Онлайн книга «Нью-Йорк 2140 »

Cтраница 73

Некоторые, несмотря на свои придурковатые наряды, переживают бури. Такие передвигаются по городу, засунув руки в карманы, потому что носить перчатки удосуживается лишь тот, кто работает на улице. Они пригибают свои непокрытые головы и спешат из одного здания в другое, охотясь за ирландским кофе, чтобы оживить свои пальцы и разогреться достаточно, чтобы перестать дрожать и набраться сил для дороги домой. Можно взять такси, но они, конечно, этого не делают: такси для туристов, тупых менеджеров или тех, кто конкретно напутал что-то в своем графике.

Гудзон в эти непогожие дни весь серый и изрезан пенистыми гребнями волн. И таким он останется, пока не замерзнет, под низкими облаками на угольном небе, подчеркнутом белыми снежинками, что кружатся перед каждым окном, а потом падают на улицы и сиюминутно тают. Выглянув из окна над шипящей батареей, сквозь решетки пожарных лестниц, можно увидеть крышки мусорных баков, которые белеют первыми, и улицы еще какое-то время просто усеяны белыми квадратиками или кружками; затем снег охлаждает землю настолько, что перестает таять, и все плоские поверхности быстро обращаются в белое. Город становится кружевом из вертикальных черных и горизонтальных белых линий, переплетенных вместе, баухаусовской [78] абстракцией самого себя, красивым, даже несмотря на то, что люди никогда не поднимали на эту красоту взгляда и одевались так нелепо, словно желали, чтобы каждая прогулка в магазин на углу становилась худшим путешествием в истории, но это удавалось лишь последним сумасбродам и неудачникам.

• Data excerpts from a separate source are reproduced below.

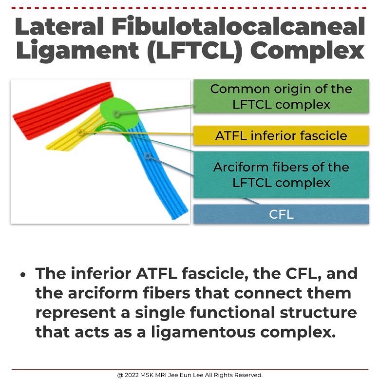 The superior fascicle of the ATFL is a distinct anatomical structure, whereas the inferior ATFL fascicle and the CFL share some features being both isometric ligaments, having a common fibular insertion, being connected by arciform fibers, and forming a functional and anatomical entity, that has been named the lateral fibulotalocalcaneal ligament (LFTCL) complex.
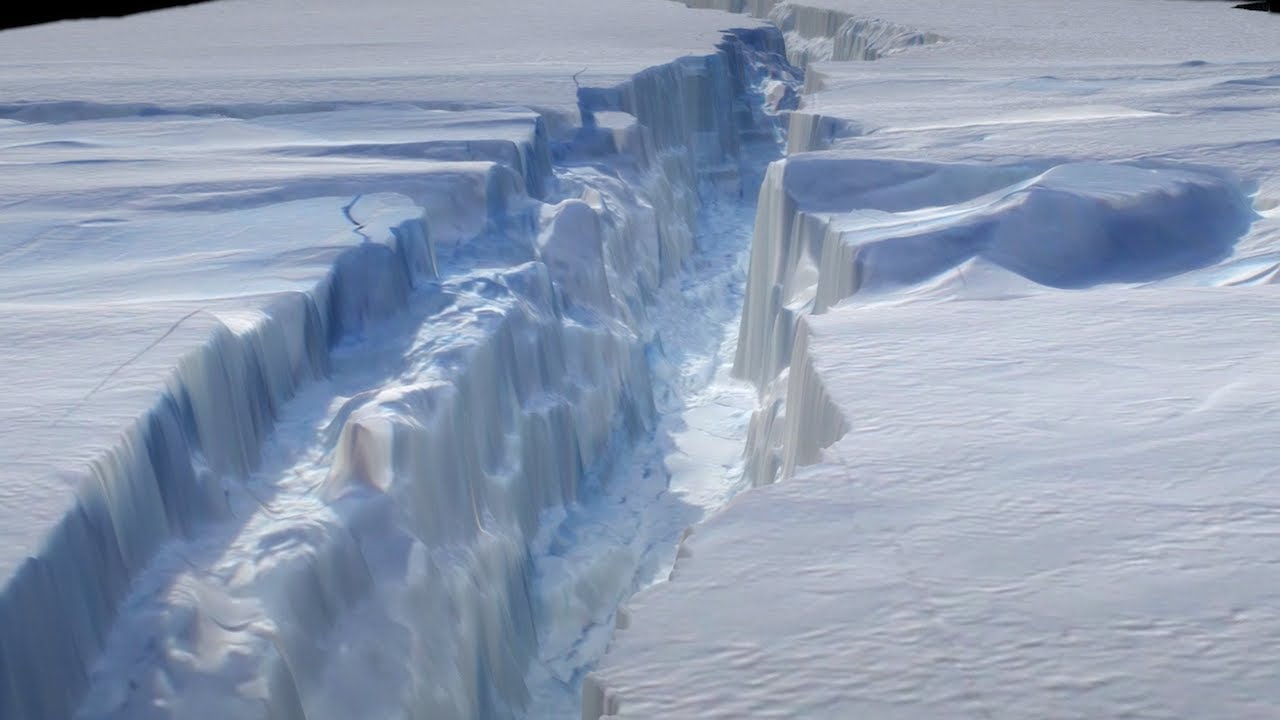 Scientists are watching intently as a titanic section of Larsen C, the fourth largest ice shelf in Antarctica, prepares to break off into the sea as an iceberg the size of Delaware.
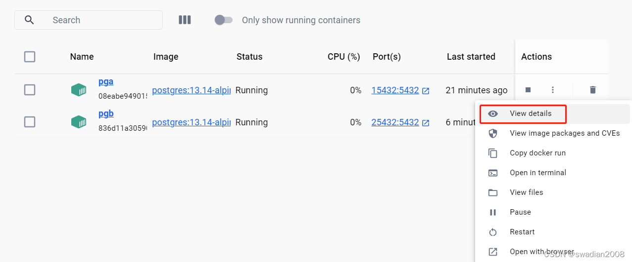 docker desktop 对展示容器有非常方便的支持,如下图所示:
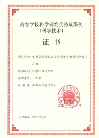 近日,2022年度国家高等学校科学研究优秀成果奖(科学技术)奖项评定颁布,鸿达兴业子公司西部环保有限公司凭借“重金属污染稻田安全利用关键技术研发与利用”项目,荣获中华人民共和国教育部科学技术进步一等奖!该奖项主要授予围绕国家战略需求、经济社会发展需要、世界科技前沿等方面开展科技创新和成果转化,并做出突出贡献的单位和个人。此次获奖,是对鸿达兴业及西部环保多年来坚持土壤修复改良研究的肯定和认可,也展现了鸿达兴业在农业领域的科研实力。
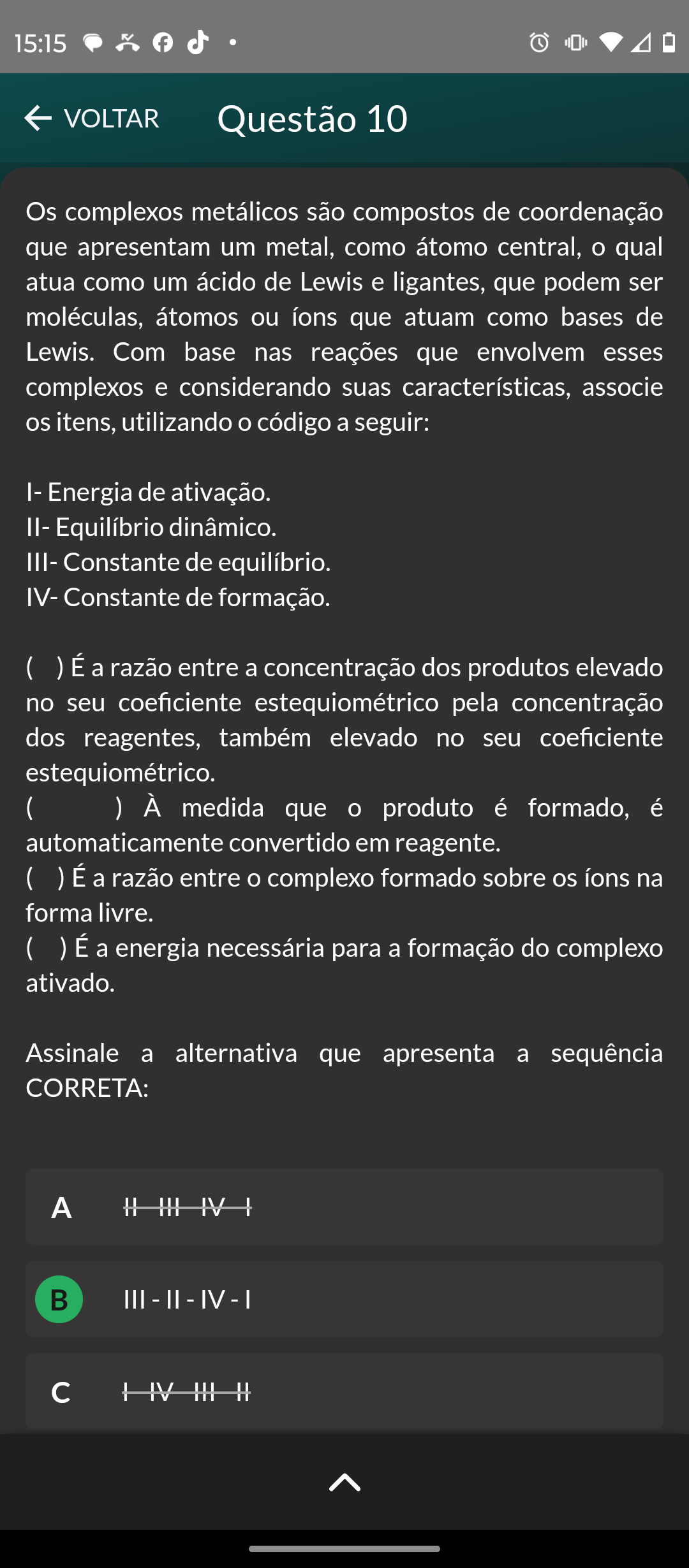 Os complexos metálicos são compostos de coordenação que apresentam um metal, como átomo central, O qual atua como um ácido de Lewis e ligantes, que podem ser moléculas, átomos ou íons que atuam como bases de Lewis. Com base nas reações que envolvem esses complexos e considerando suas características, associe os itens, utilizando código a seguir: Assinale a alternativa que apresenta a sequência CORRETA: ( ) É a razão entre a concentração dos produtos elevado no seu coeficiente estequiométrico pela concentração dos reagentes, também elevado no seu coeficiente estequiométrico. ( ) À medida que O produto é formado, é automaticamente convertido em reagente. ( ) É a razão entre complexo formado sobre os íons na forma livre. ( ) É a energia necessária para a formação do complexo ativado. A IV B C C IV III D II I
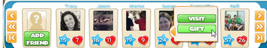 Along the bottom of the game window is all of your neighbors. Clicking on each neighbor will give you an option to send a gift or visit their city.
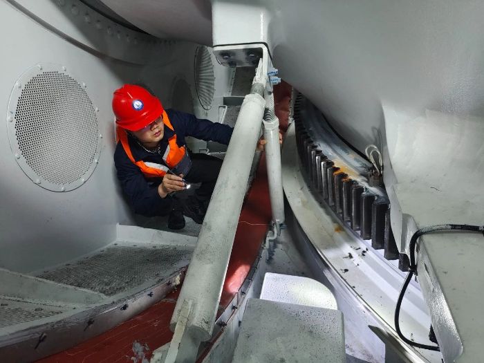 ▲突擊隊(duì)成員在風(fēng)機(jī)機(jī)艙開展偏航系統(tǒng)檢查 攝影:郭逸博
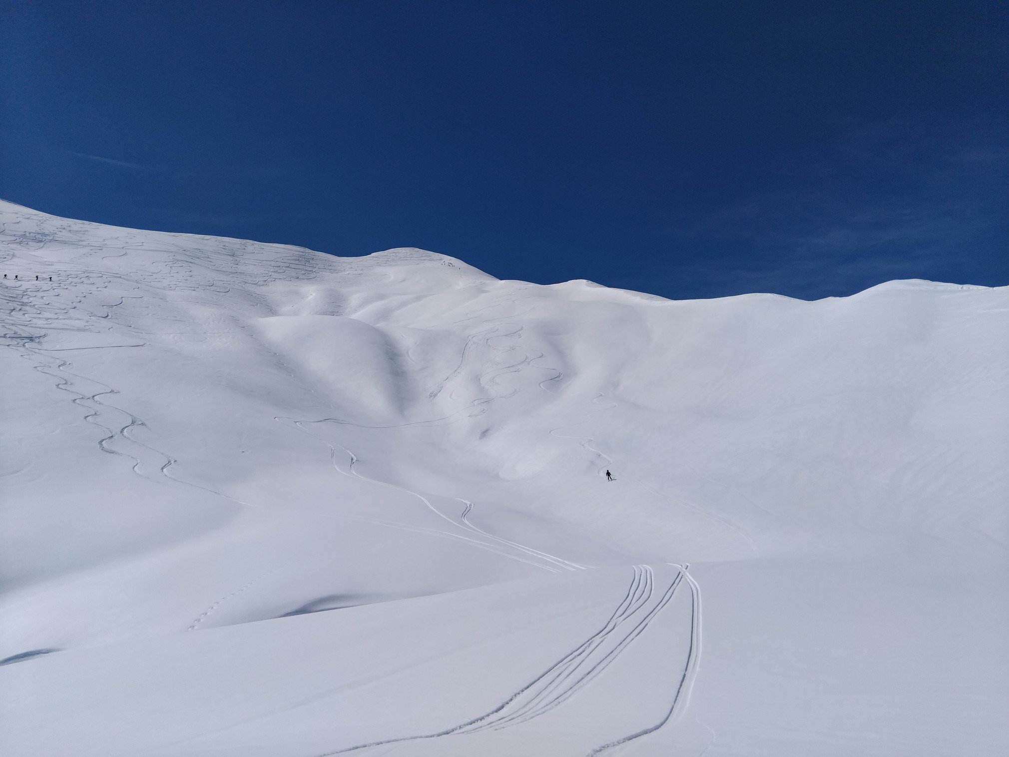 Ciel bleu et chaleur au programme, des 9h, tout est décaillé, et le versant nord garde ma derniere chute de neige au frais. Descente en moquette tout le long, un peu trop meme puisqu'on arrive 100m plus bas que la voiture et nous oblige à remonter dans la foret sans neige.

Потом, после бурь, в серебряном блеске поздней зимы, холод может заморозить все вокруг, превратив каналы и реки в большие белые полотна, а сам город – в ледяное изваяние самого себя. Затем неизбежно волшебная прохлада отступает, и внезапно приходит весна: все черные деревья обрастают зеленью, воздух становится чистым и вкусным, как вода. Вы пьете воздух, как воду, завороженно наблюдаете за этой зеленью; это может продлиться примерно неделю, а потом вас раздавит потрясающее лето с его резкими запахами и теплыми каналами, пахнущими, будто суп из сбитых на дороге животных. Вот почему жить на полпути между экватором и полюсом в восточной части крупного материка так хорошо – вы имеете максимально разнообразную погоду, всевозможную дрянь день за днем. Здесь и холод, как возле полюса, и жара, как в тропиках. В каждом глотке воды – холера, в каждой царапине – гангрена, и москиты пищат, будто крошечные дроны, созданные неким злобным гением, решившим стереть человеческую расу с лица земли. Вы молите зиму вернуться, но она не слушает.

Потом наступают дни, когда грозовые фронты, тяжелые, как свинец, вырастают до того, что даже сверхнебоскребы кажутся маленькими, и из днищ этих семидесятитысячефутовых громадин выпадают дождевые капли, здоровенные, как обеденные тарелки, и по поверхностям каналов расходится рябь, воздух охлаждается, и все снова возвращается к обычной зловонной сырости, нелепой, преступной сырости, а воздух становится таким горячим, что асфальт плавится и потоки тепла восходят по всему городу, будто дым над барбекю.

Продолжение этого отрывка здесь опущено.